Дело в том, что мне сразу же не по вкусу пришлось пребывание у моих друзей. Не понравилось уже то, что я должен был разделить крошечную спальню с самим Колей и с его братом, еще менее, что, вернувшись среди дня с прогулки, я нашел на предназначенном мне диване огромного грязного пса. Не понравился мне и самый хмурый, чахлый, убийственно однообразный финский пейзаж. Требовалось пройти версты три, чтобы наконец добраться до какого-то обрыва, с которого открывались довольно живописные дали. Ночь все же я там провел, но громкий храп двух братьев и назойливое гудение комаров не дали мне заснуть. Встал я сонный, вялый, в скверном настроении, и тут «вспомнил», что мне необходимо быть к следующему вечеру обратно в городе, а до того я должен был еще заехать к другим друзьям — к Фену, жившим в это лето тоже в Финляндии в верстах пятнадцати от Скалонов. И Коля, и его матушка несколько удивились такой мгновенной перемене программы и стали уговаривать меня остаться, но я настоял на своем и силу сопротивления нашел как раз в надежде, что я еще поспею в Петербург к празднику.
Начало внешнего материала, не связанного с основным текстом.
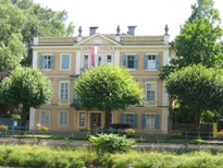 | クア・センターやトリンク・ハレを覗きつつ、老舗のカフェ、ツァウナーを探す。ここが、夏の間川沿いにお店を出すということで探してみたが、ないようだった。カフェ自体はケーキしかなさそうだったので、川沿いの中華料理屋で昼食をとることにした。ビールを飲みつつ、ふと対岸に目をやると大きな観光バスが止まっているのが見える。そこには、「メリー・ウィドウ」などのオペレッタを書いたレハールが、晩年に過ごした家があったのだった。 |
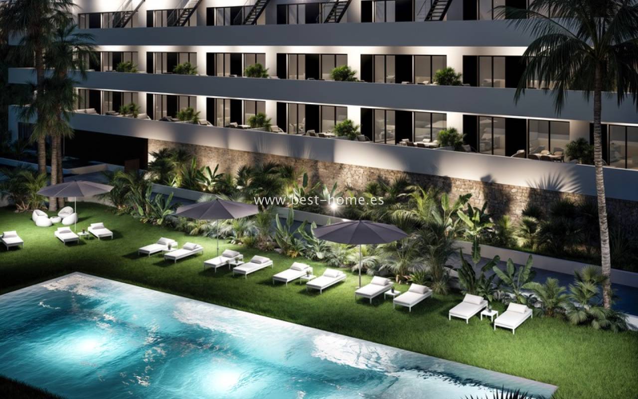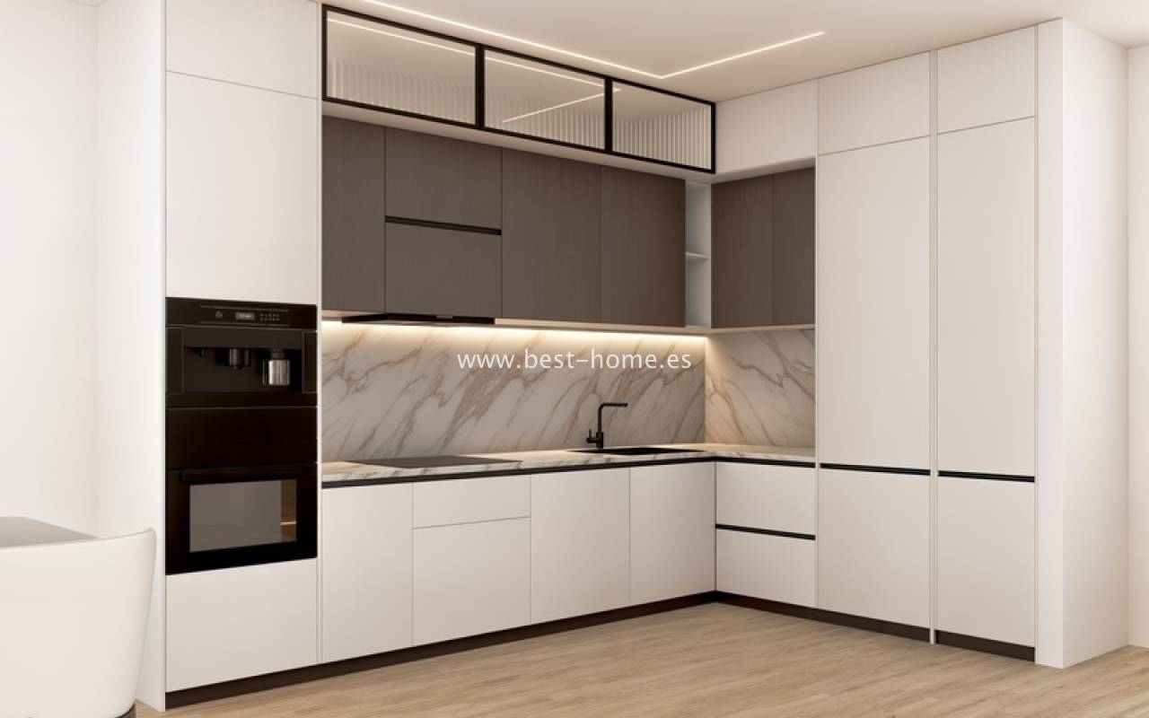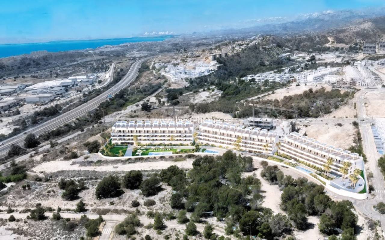 Nowe atrakcyjne osiedle składają się z 99 apartamentów budowane jest w świetnej lokalizacji w Finestrat. Dostępne są przestronne apartamenty z 2 sypialniami, 2 łazienkami i umeblowaną kuchnią połączona z jadalnią i salonem. Z głównej sypialnia i salonu będzie wyjście na taras (21 m2), z którego będą widoki na części wspólne, baseny, wieże w Benidorm i morze. W cenie zabudowa kuchenna, kompletne łazienki, oświetlenie LED, centralna klimatyzacja ciepło/zimno. Na terenie zamkniętego i kamerowanego osiedla odnajdziemy 3 baseny, zewnętrzną siłownię, boisko do gry w padel oraz dla place zabaw dla dzieci. Do centrum handlowego jest zaledwie 1,2 km, a do plaży 3 km.

К Фену в Усть-Кирке я добрался к ночи, наняв финский тарантас, и застал там многочисленное и развеселое общество. Справляли чье-то рождение или именины. Подъехав к крыльцу очень привлекательной дачки, я услыхал звуки рояля и неистовый топот танцующих; из кухни неслись соблазнительные запахи. Меня,

которого вся компания собравшейся молодежи знала как большого затейника и забавника, встретили восторженно и сразу засадили на смену maman Фену за игру вальсов и мазурок. После раннего и очень вкусного ужина опять плясали, играли в салонные игры и снова плясали. Так и не заметили, как надвинулась и разразилась гроза. И вдруг над самыми головами раздался оглушительный удар грома, после чего что-то тяжелое рухнуло на землю. То была вековая липа, которая легла рядом с дачей, образовав своими ветвями и листвой род непроходимой чащи. Еще милостью божьей она не свалилась на самый хрупкий старенький домик, иначе она раздавила бы его и нас погребла бы под обломками. Никому после того не захотелось продолжать пляски, но веселье все же продлилось — в новой форме. Оставшимся ночевать гостям мужского пола постелили матрацы и сено в гостиной, а дамам предоставили диваны и составленные стулья в соседних комнатах. Но не скоро все заснули, завязались разговоры, шутки, споры, из соседних комнат звучал почти непрерывный смех. Лишь когда вставшее солнце осветило комнаты, все по команде повернулись, каждый на другой бок, и в течение трех часов предались, но уже не ночному, а дневному отдыху. С утренним поездом я уехал, и вот на всем пути почти до самого Петербурга я был поражен зрелищем ужасных последствий пронесшегося урагана. На версты и версты по обе стороны железной дороги земля была усеяна соснами — точно какому-то великану пришло в голову разбросать много, очень много коробок колоссальных спичек.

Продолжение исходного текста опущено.